The quality of your pics are awesome.


----------



## snakewhisperer (Nov 13, 2009)

mantidboywonder said:


> Where abouts in spain where you ? my folks got a place in southern spain i'm going to soon and i'm going out looking last time i founds mantids, spiders and a gorgeous little scorpion who wasn't happy about being found


Javea on the Costa Blanca, happy hunting!



mandi1234 said:


> great pics. wow ive not seen those little chitchats since i lived in spain, we used to have them on the walls of our house :flrt:


Chitchats!? I vaguely remember that being a name for geckos, yes?? There were 5 tiny baby Turkish geckos around the villa an adult and 2 adult Moorish Geckos. 



Crestie Chris said:


> Awesome pics mate :2thumb: I especially like the mantis and the toads eye


Cheers, I think it was a natterjack due to the vetebral line but markings on the legs are more distinct than I thought they'd be. Found her one morning after a storm and she was trying (and failing!) to get up a kerb out of the road so she was lucky I found her and helped her back into the undergrowth.



PAB said:


> The quality of your pics are awesome.


 Not too bad for a little Casio!
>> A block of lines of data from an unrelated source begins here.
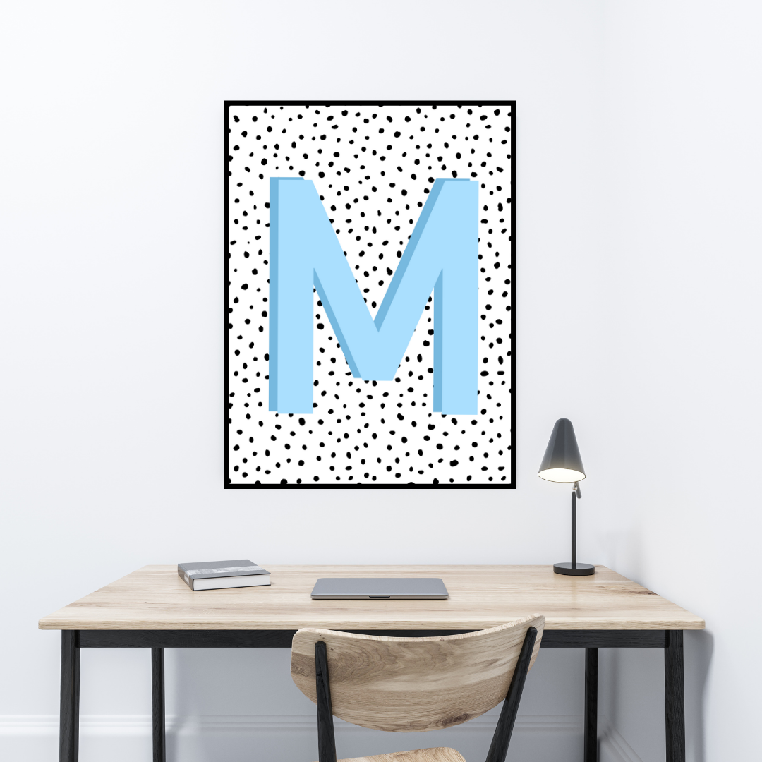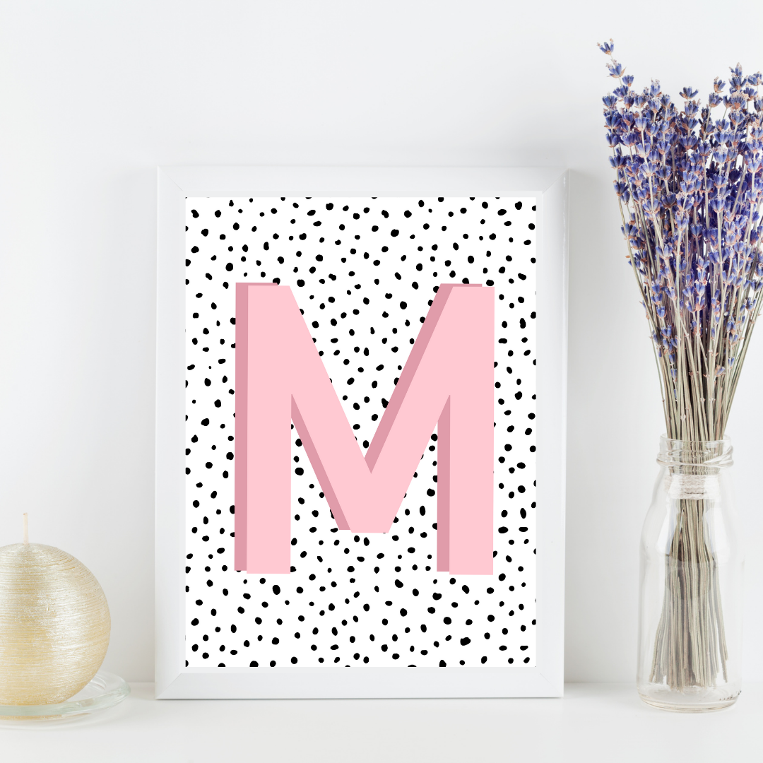 Initial Letter M Art Print | First Letter | Name Print | Dots Art Print | Cute Room Ideas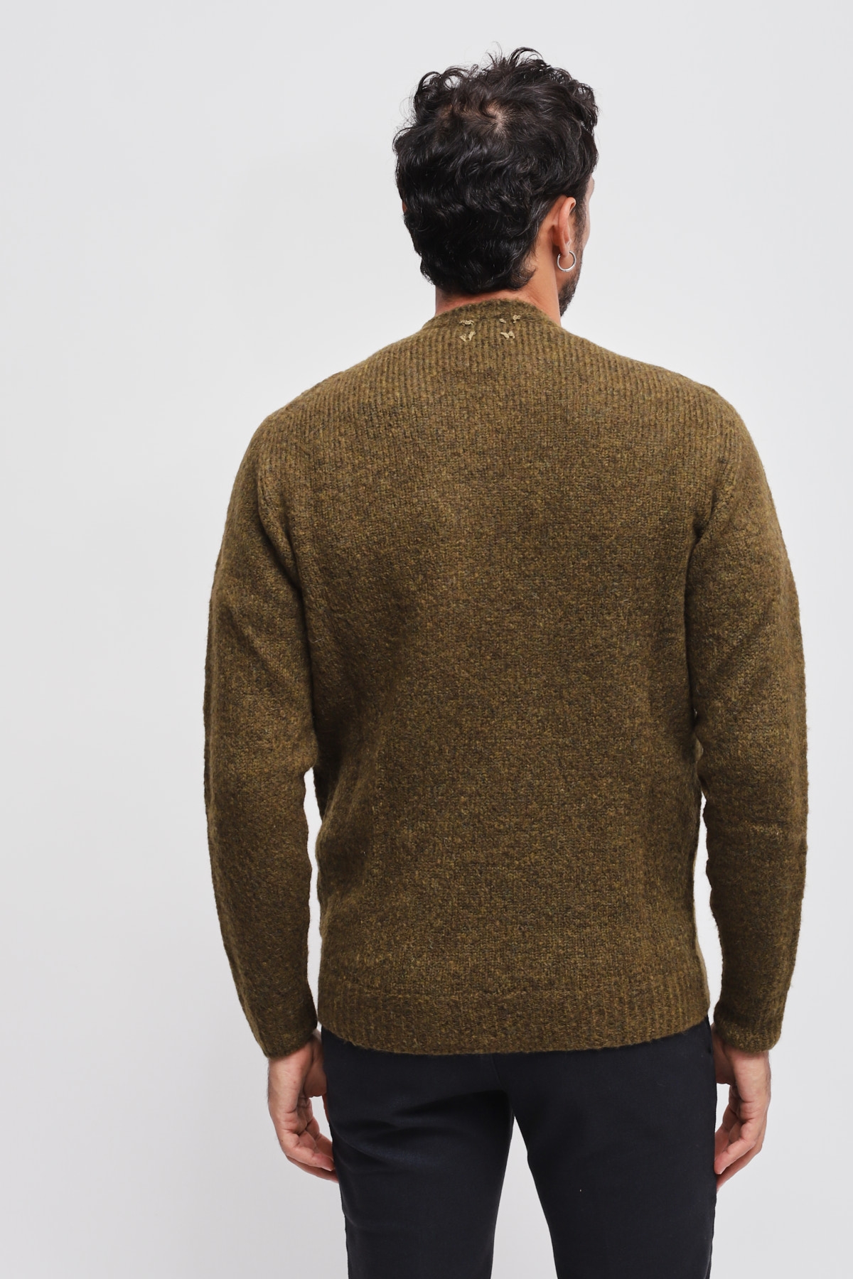 Maglia girocollo da uomo realizzata in morbidissima lana. Il collo e i polsini sono a coste, così come il fondo. Sono presenti piccoli dettagli ricamati a mano che contraddistinguono lo stile originale dei capi BoB Company.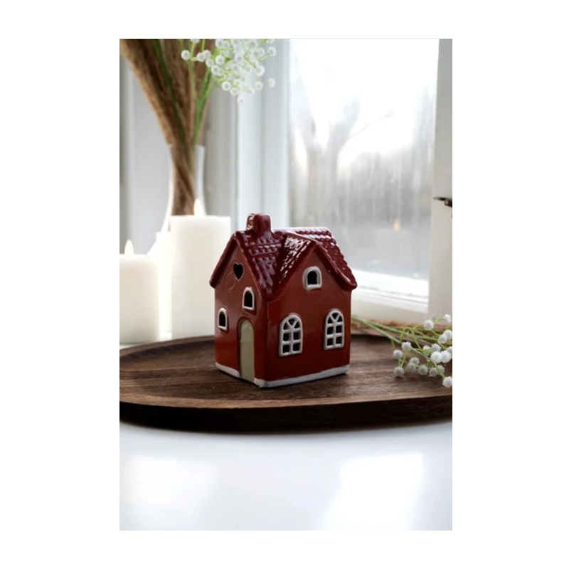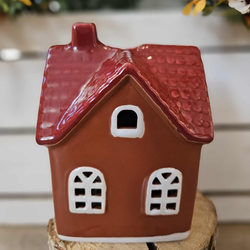 Skapa en varm och inbjudande känsla i hemmet med detta dekorativa keramikhus. Den handgjorda designen, tillsammans med den lilla välvda dörren och naturliga ljussättning, ger huset en rustik och hemtrevlig karaktär. Perfekt som del av din höst- eller vinterinredning, eller som ett stämningsfullt inslag i en juldekoration.
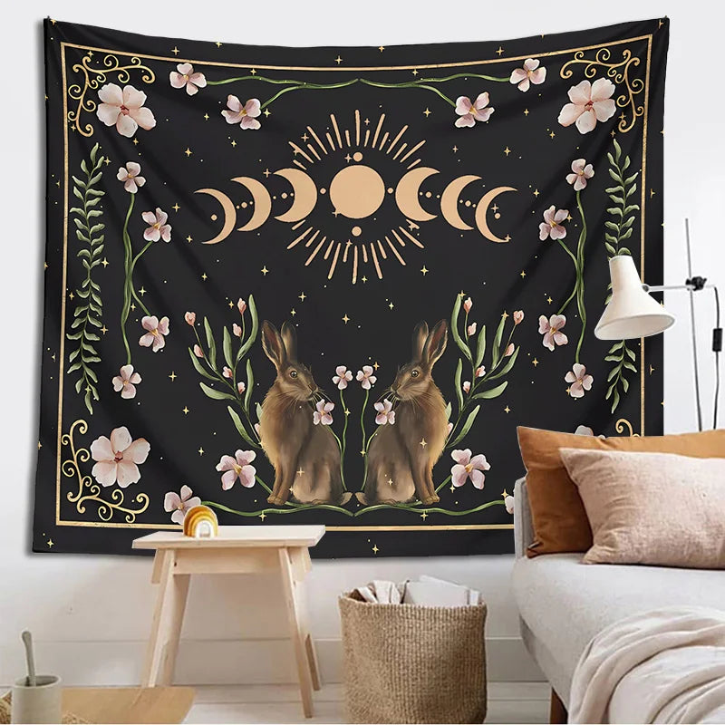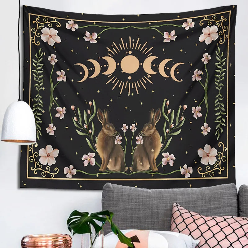 Afralia™ Moon Phase Rabbit Tarot Cloth Celestial Botanical Wall Hanging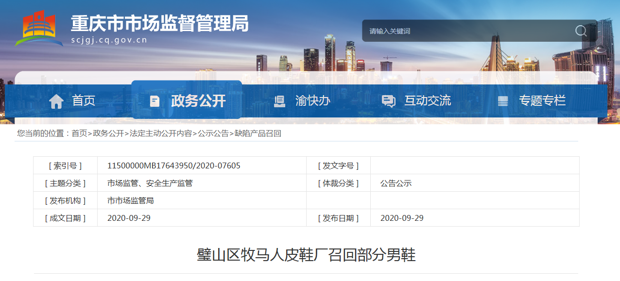 中國質(zhì)量新聞網(wǎng)訊(記者 徐遠官) 據(jù)重慶市市場監(jiān)管局網(wǎng)站9月29日消息,日前,璧山區(qū)牧馬人皮鞋廠按照《消費品召回管理暫行規(guī)定》的要求,向重慶市市場監(jiān)督管理局報告了召回計劃,將自即日起,召回2020年6月20日期間制造的型號為250的男鞋,涉及數(shù)量為20雙。

Some could have been better though.:blush:


----------



## Amalthea (Oct 2, 2007)

Fantastic!  Looks like you had a good time


----------



## Shell195 (May 31, 2007)

Great photos:2thumb:
What is the second to last photo of?


----------



## snakewhisperer (Nov 13, 2009)

Shell195 said:


> Great photos:2thumb:
> What is the second to last photo of?


Answers on a postcard, please!
Hell if I know, but it did'nt half shift!!! :lol2:
Never seen one before.......Anyone????


----------



## xvickyx (Jul 21, 2009)

Great photos


----------



## kettykev (May 15, 2009)

The spider is Argiope lobata, would have to look in book for Centipede ID but I am at work now so maybe later.


----------